She's gone: her first sleepaway camp
It was really almost yesterday that she was going on her very first sleepover. Four years later, I packed her up for her first sleepaway camp. For the past two days, she - my almost-ten year-old - has been in a tizzy, making her list and checking it twice, to be sure she had everything on it. We went through and labeled everything: the tent, the tarp, the camp chairs, the flip and the flop. Everything. This morning, I had to leave for work before any one else was awake, so I missed dropping her off at their meeting place. I had to say my goodnight last night.
I just tucked her little sister into bed, and she asked me to stay and read a while.
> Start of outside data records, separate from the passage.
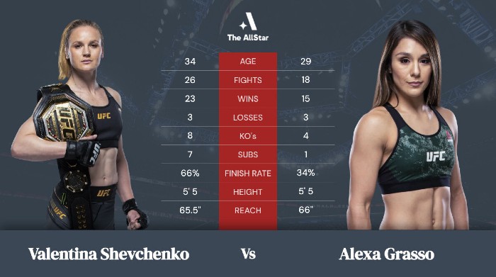 La actual campeona del peso mosca de la UFC, Valentina «The Bullet» Shevchenko, defenderá su título de las 125 libras ante la aspirante Alexa Grasso.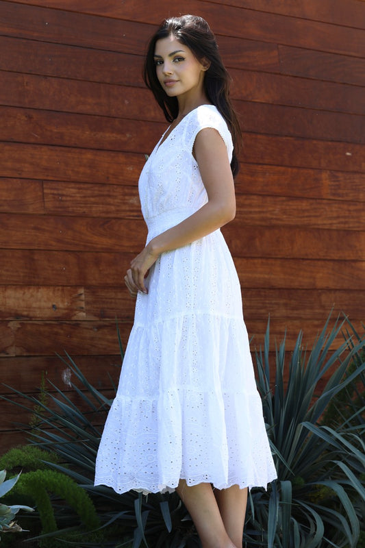 Lola P Eyelet Embroidered V Neck Midi Dress. Fall Clearance!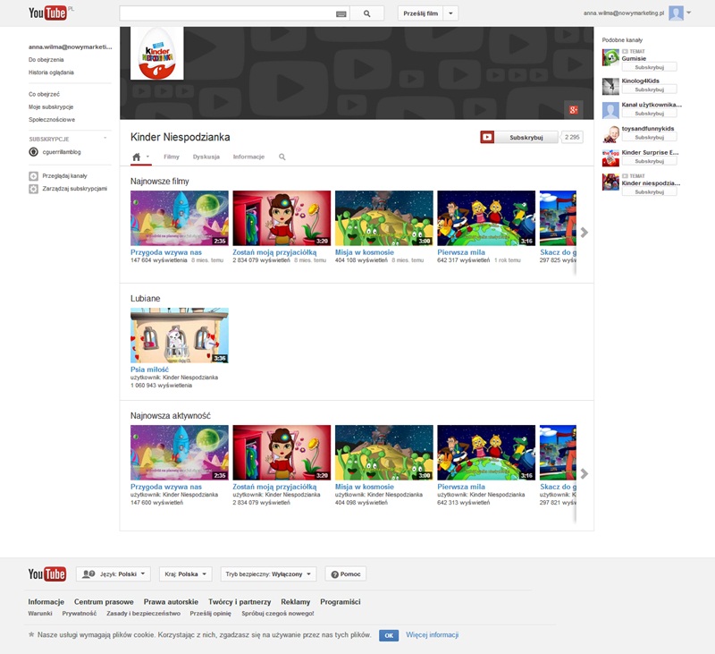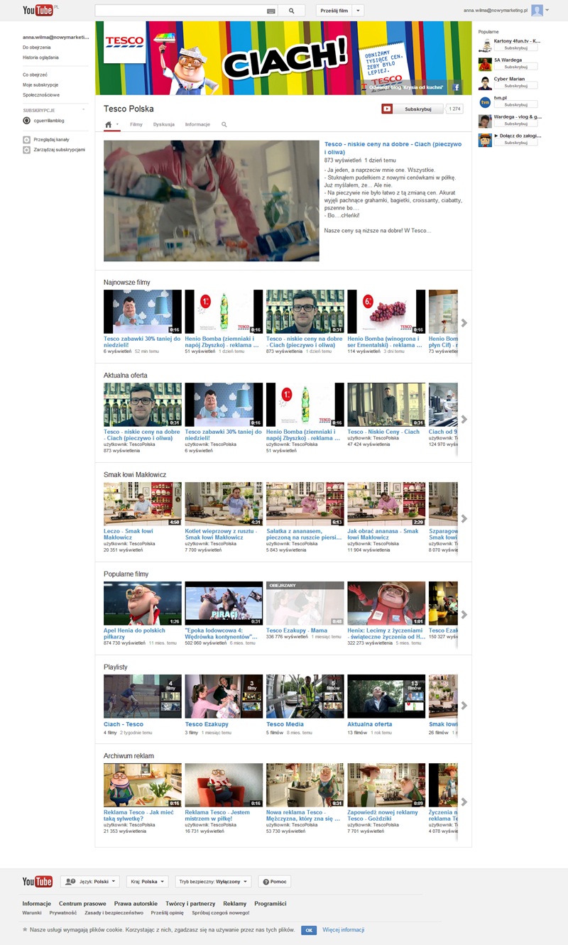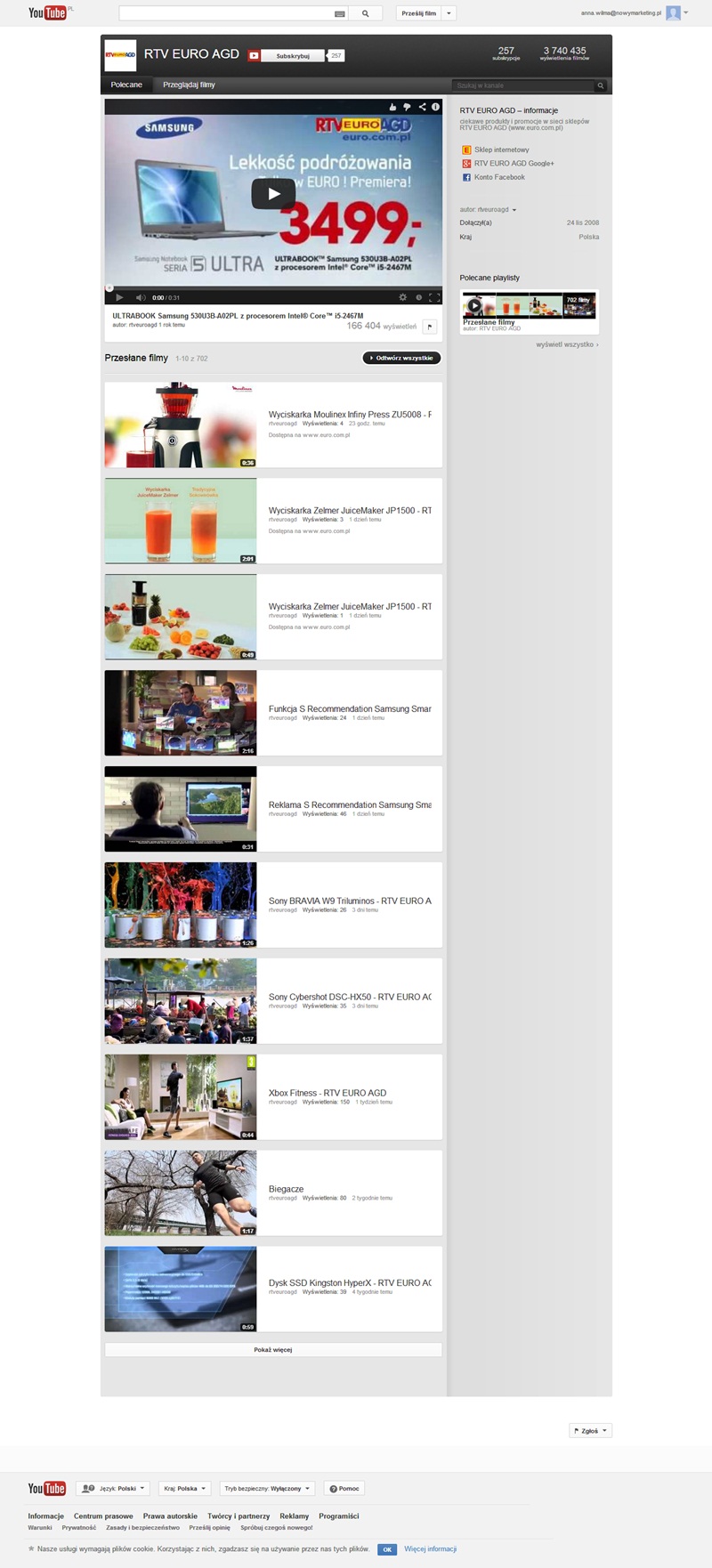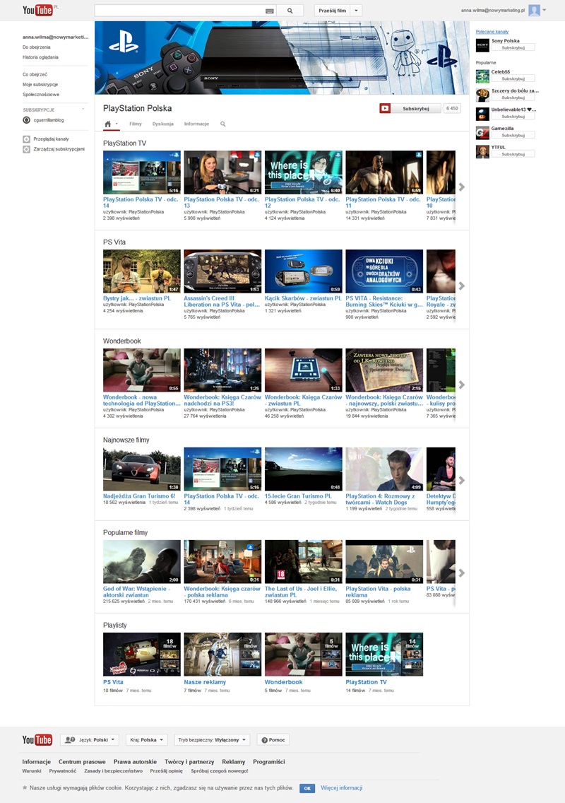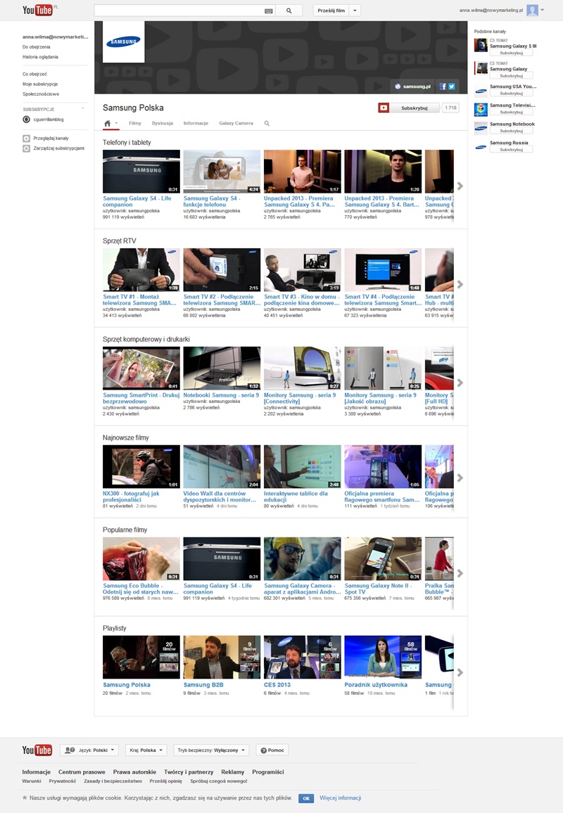Filmy opublikowane na kanale Electronic Arts Polska obejrzało ponad 25 mln razy, Serce i Rozum ponad 20 mln razy, a Samsung Polska prawie 14 mln razy. W czołówce znalazły się także kanały: Leroy Merlin Polska (8,7 mln obejrzeń), PlayTV (8,6), Nokia Poland (8,5), Co dziś na obiad (7,8), ING Bank Śląski (7,5), TMobileTrendyPL (7,2), NIVEA Polska (5,5), ŠKODA Polska (5,3), MojeCiasto (5,2), LIDL Polska ( 4,5), Old Spice Polska (4,5), PLUS (4,4), E. Wedel (4,5), Szkoła Gotowania WINIARY (4,2), Dove Polska (4), RTV Euro AGD (3,7) i Bank Millennium (3,5).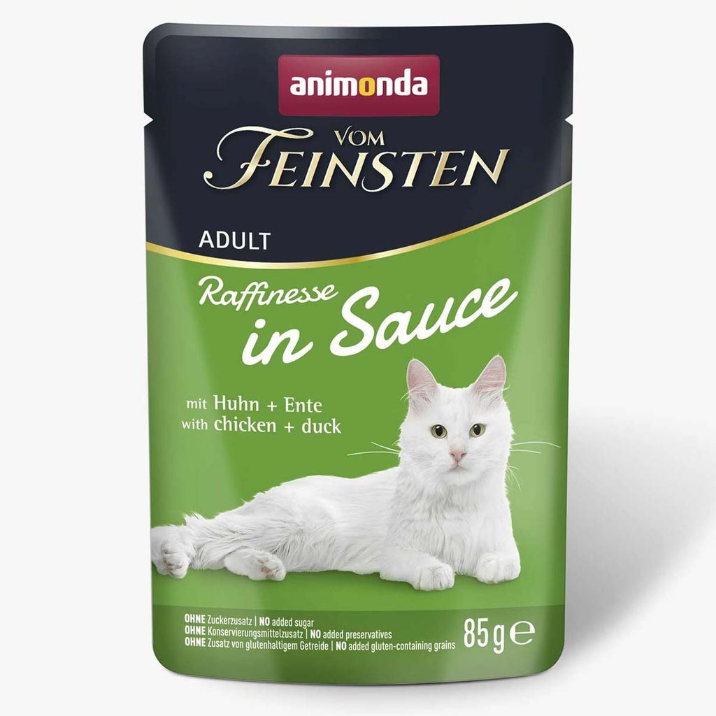 Animonda Vom Feinsten Adult Raffinesse in Sauce mit Huhn und Ente ist die perfekte Wahl für anspruchsvolle Katzen, die nur das Beste verdienen. Saftige Fleischstückchen in köstlicher Sauce sorgen für Genuss und liefern alles, was deine Katze täglich braucht.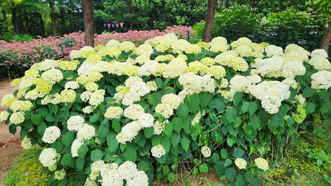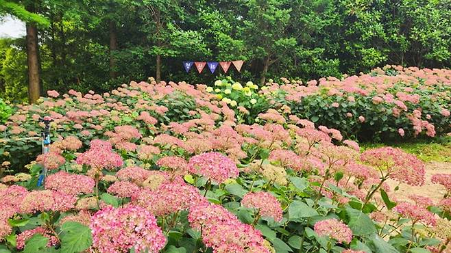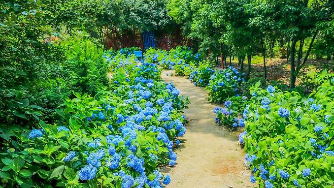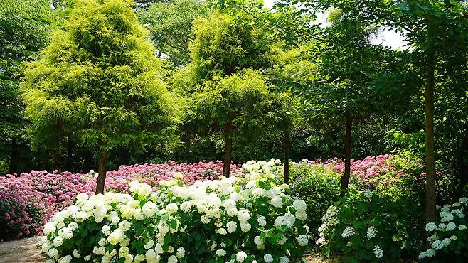 한여름 청산수목원은 마치 수국의 천국에 온 듯하다. 시원한 블루를 시작으로 노란빛, 분홍빛, 라일락 색까지, 수국이 수목원 구석구석을 물들인다.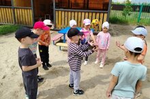 Затем ребята поиграли в малоподвижную игру «Передай мяч», целью которой является развитие умения выполнять движения ритмично. -

She didn't have company tonight in bed, no big sister to chatter with her while she drifted off to sleep. To be sure, we miss her. By tomorrow night, however, I might be sick with worry - wondering if she's warm enough, eating enough, having fun enough.... Even if I know in my heart of hearts that she is having the time of her life, there will be a good portion of me that will still wonder, and worry.
Before she left, I asked her to please use her best judgment, to let one of the counselors know if she ever feels unsafe or uncomfortable. Most of all, I told her to have fun. These are the things that memories are made of - cold summer nights at the coast, staying up with friends, roasting marshmallows, being parentless for the first time, more than just an overnight at a friend's house. I miss her so much, but I am so happy for her, excited for her and her first sleepaway camp. Thank goodness it's *only* two nights away. I don't think I could stomach much more.